» RECORDS SHOWN
____________________
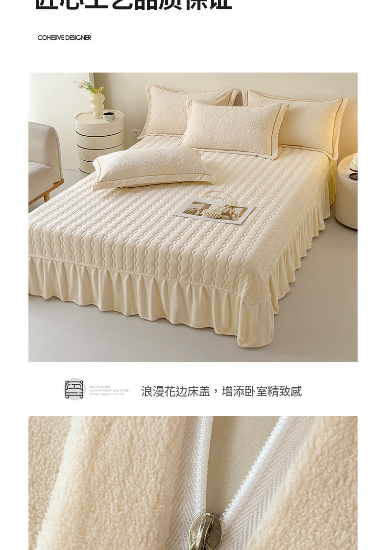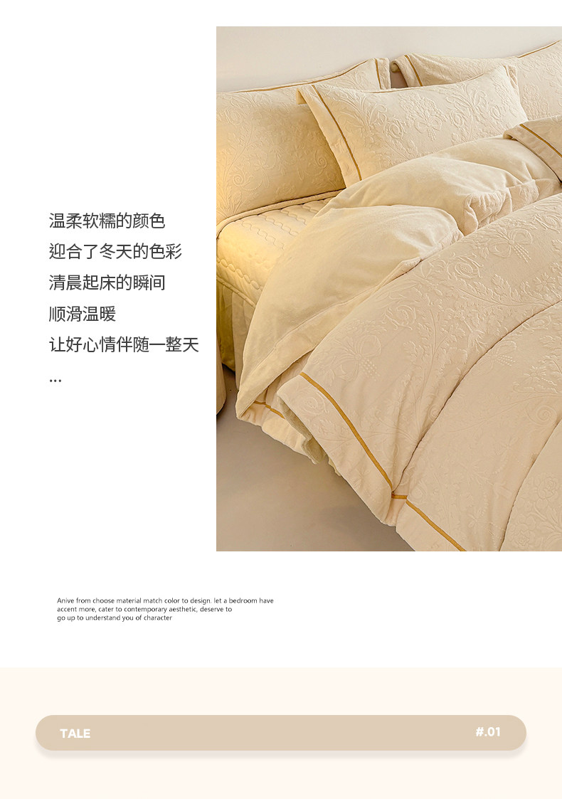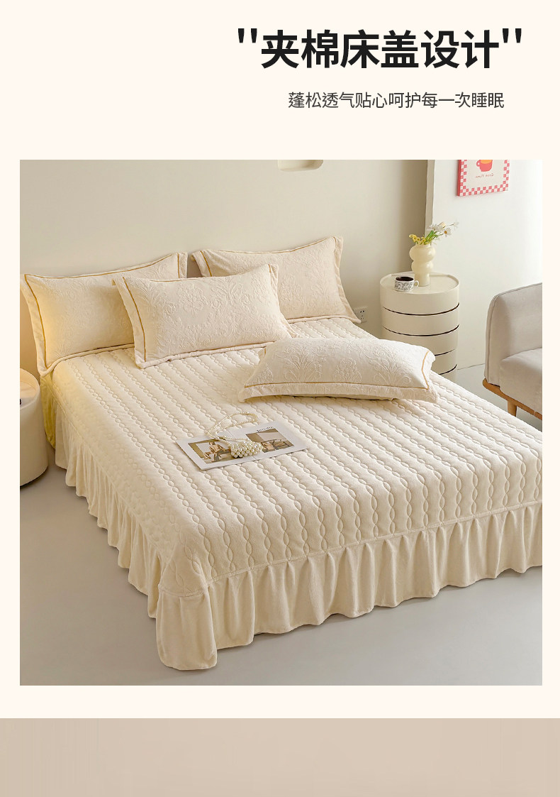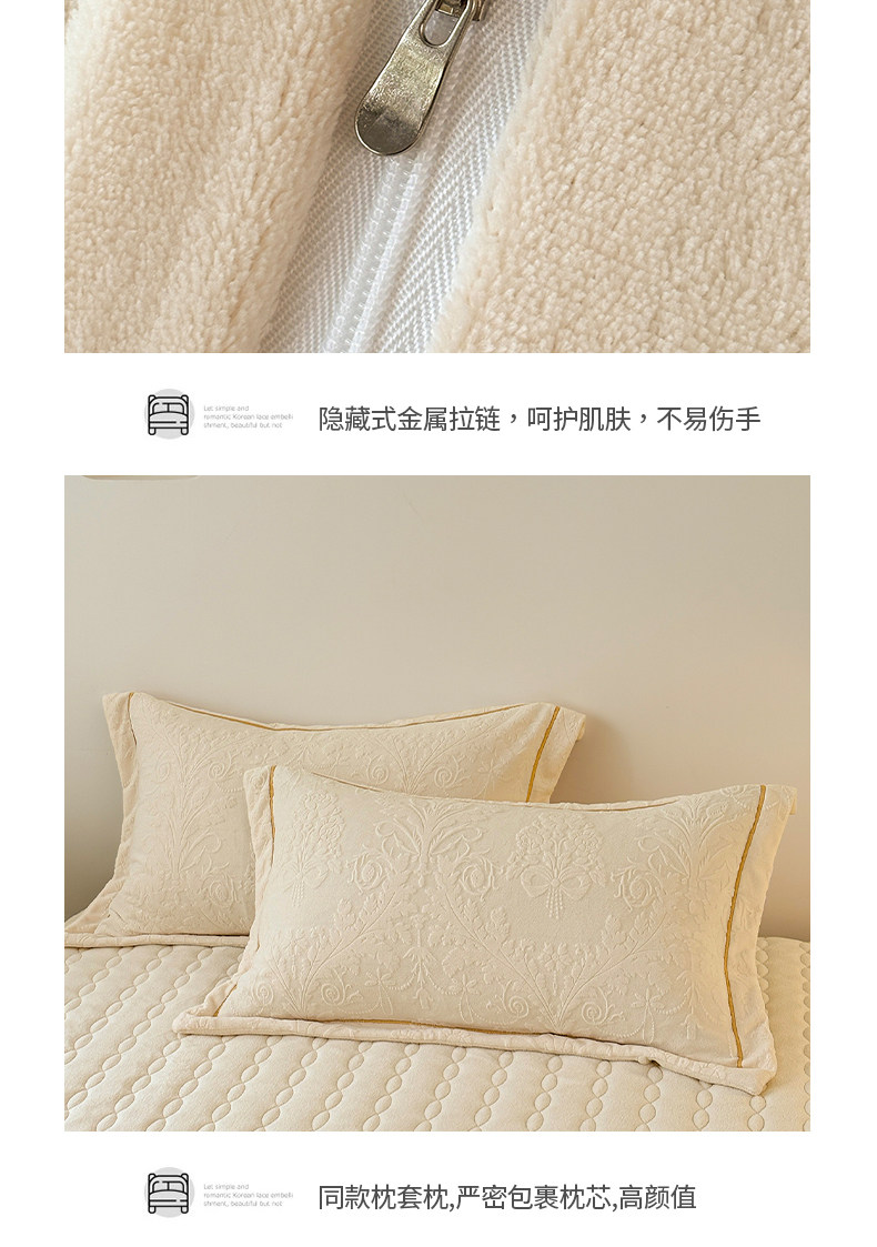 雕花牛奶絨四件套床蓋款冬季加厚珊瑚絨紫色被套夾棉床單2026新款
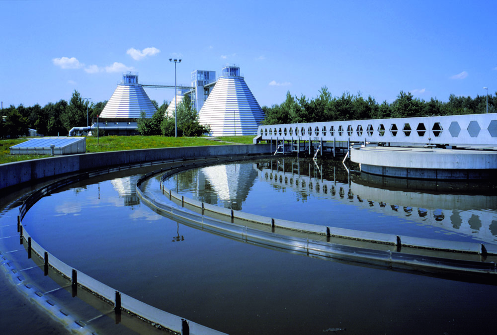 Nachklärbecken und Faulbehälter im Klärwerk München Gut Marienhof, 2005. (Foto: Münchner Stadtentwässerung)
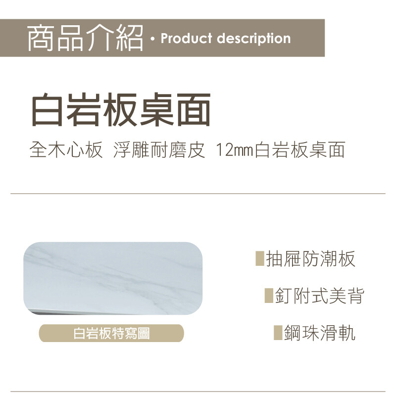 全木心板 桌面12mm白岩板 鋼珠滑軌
____________________
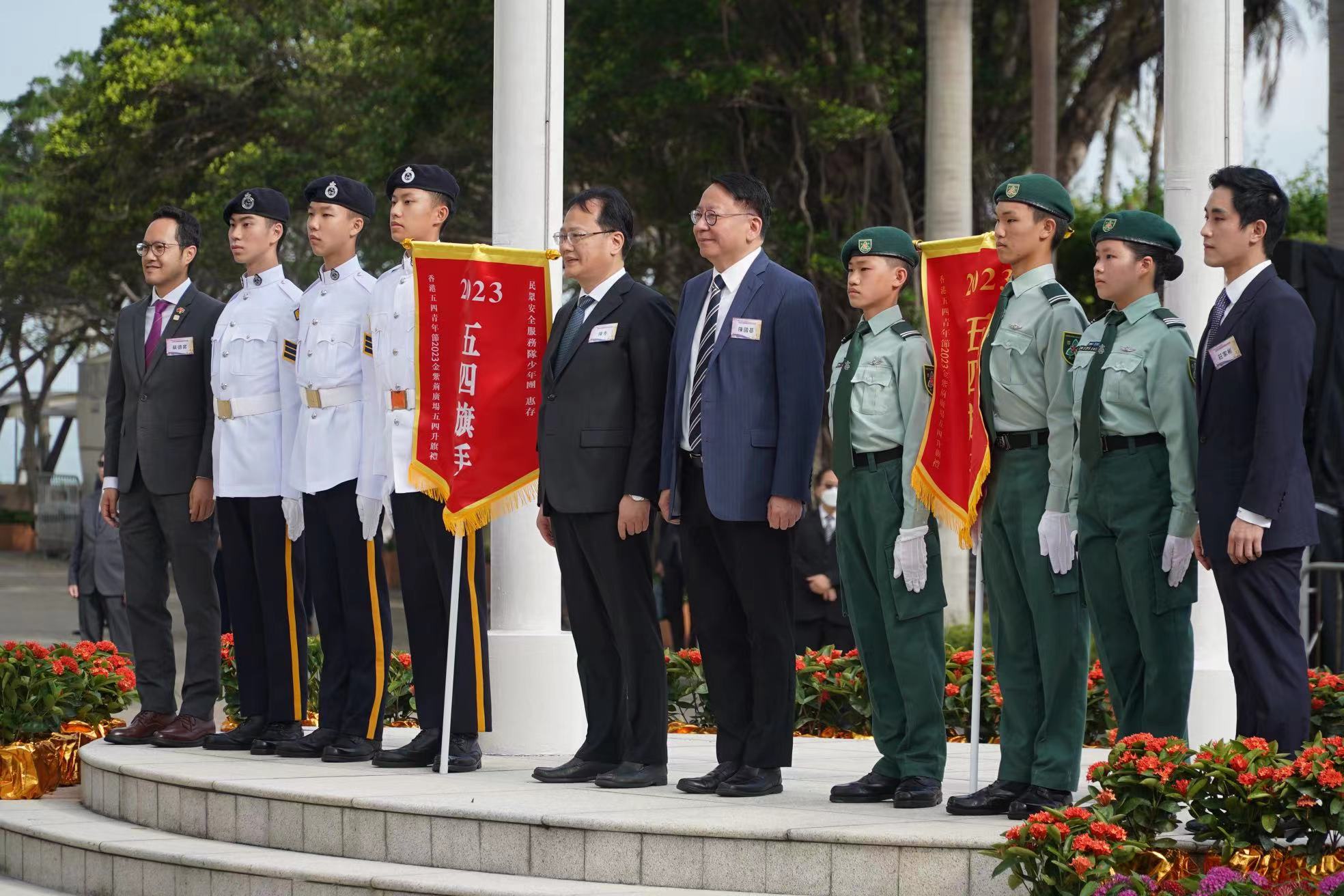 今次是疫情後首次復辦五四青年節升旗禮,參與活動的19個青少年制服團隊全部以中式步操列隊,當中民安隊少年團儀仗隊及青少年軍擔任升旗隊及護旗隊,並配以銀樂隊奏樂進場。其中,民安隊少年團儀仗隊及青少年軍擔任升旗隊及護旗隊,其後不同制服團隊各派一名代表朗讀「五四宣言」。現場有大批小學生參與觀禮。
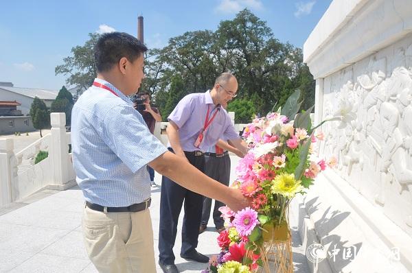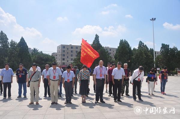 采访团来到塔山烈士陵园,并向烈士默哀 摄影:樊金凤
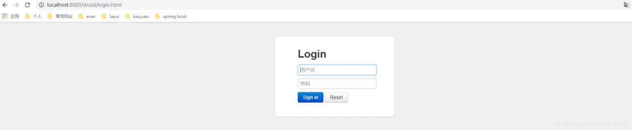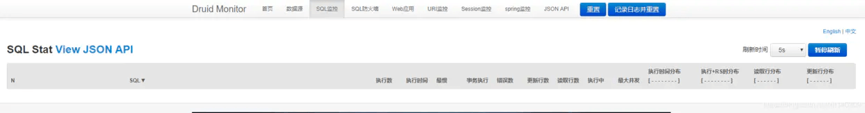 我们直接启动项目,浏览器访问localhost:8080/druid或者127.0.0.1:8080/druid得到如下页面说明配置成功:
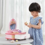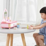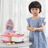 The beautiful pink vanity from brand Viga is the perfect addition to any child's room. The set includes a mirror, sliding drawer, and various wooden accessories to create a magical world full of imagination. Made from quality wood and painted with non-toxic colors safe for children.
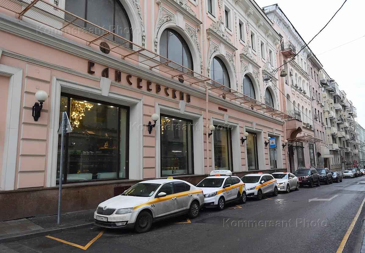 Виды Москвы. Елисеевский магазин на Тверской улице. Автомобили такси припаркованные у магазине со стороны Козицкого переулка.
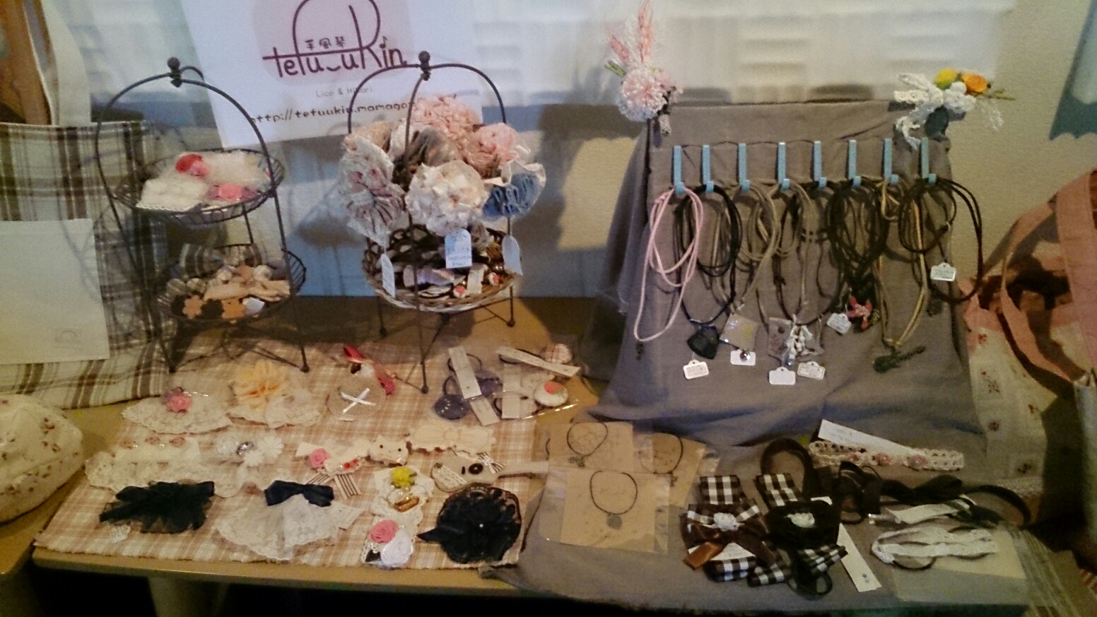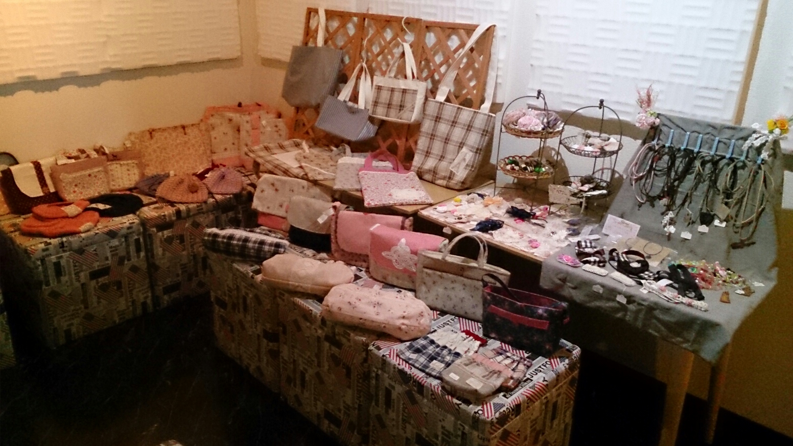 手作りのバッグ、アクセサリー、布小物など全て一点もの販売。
____________________
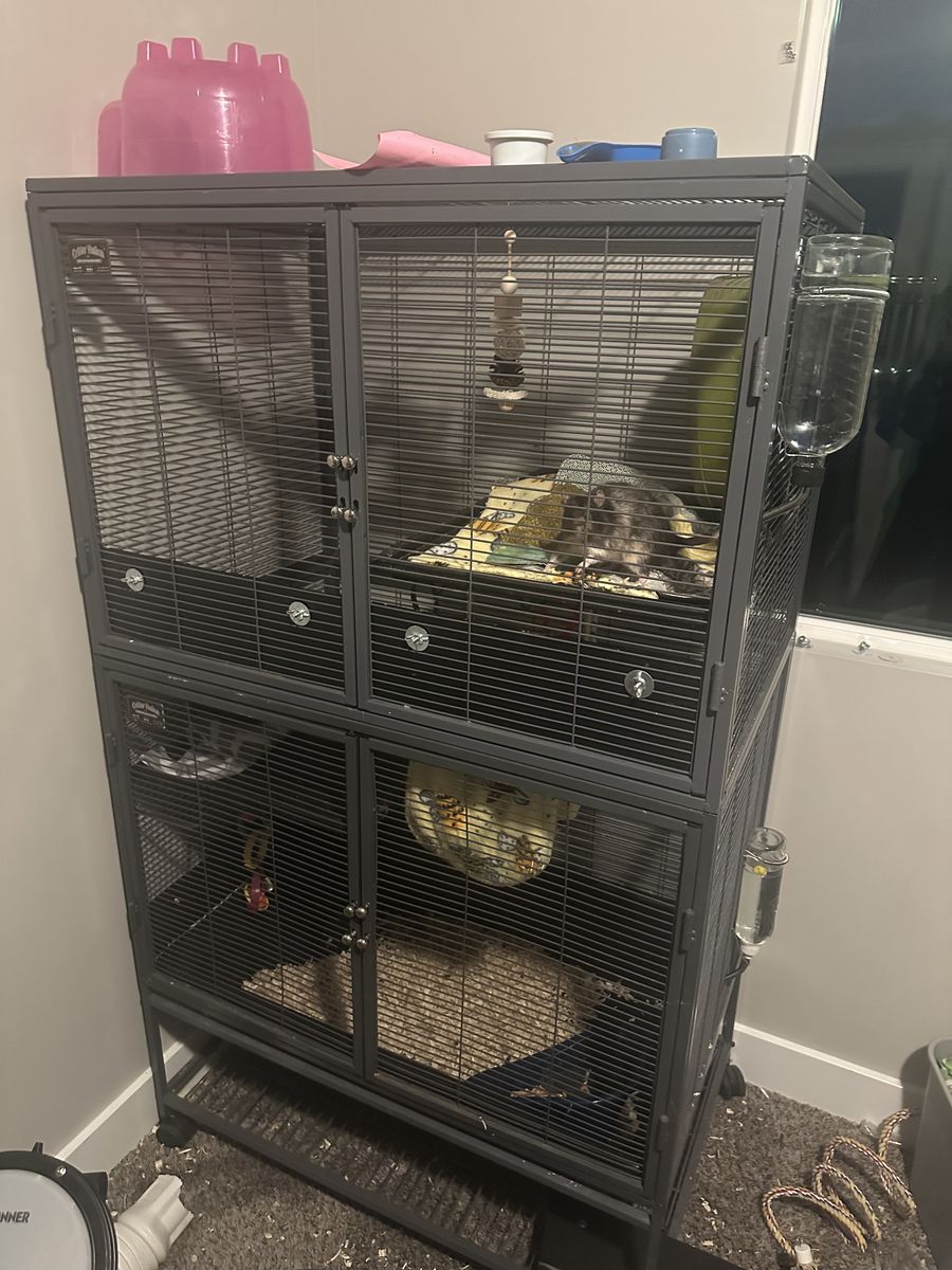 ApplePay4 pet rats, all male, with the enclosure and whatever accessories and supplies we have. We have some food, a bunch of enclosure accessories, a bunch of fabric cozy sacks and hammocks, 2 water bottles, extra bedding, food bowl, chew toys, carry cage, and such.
____________________
» TASK INSTRUCTIONS
Restate word for word every line from the one with "The beautiful pink" up to and including the one with "手作りのバッグ、アクセサリー、布小物など全て一点もの販売。" in the records above, minus the pictures.

» RESPONSE BOX
 The beautiful pink vanity from brand Viga is the perfect addition to any child's room. The set includes a mirror, sliding drawer, and various wooden accessories to create a magical world full of imagination. Made from quality wood and painted with non-toxic colors safe for children.
 Виды Москвы. Елисеевский магазин на Тверской улице. Автомобили такси припаркованные у магазине со стороны Козицкого переулка.
 手作りのバッグ、アクセサリー、布小物など全て一点もの販売。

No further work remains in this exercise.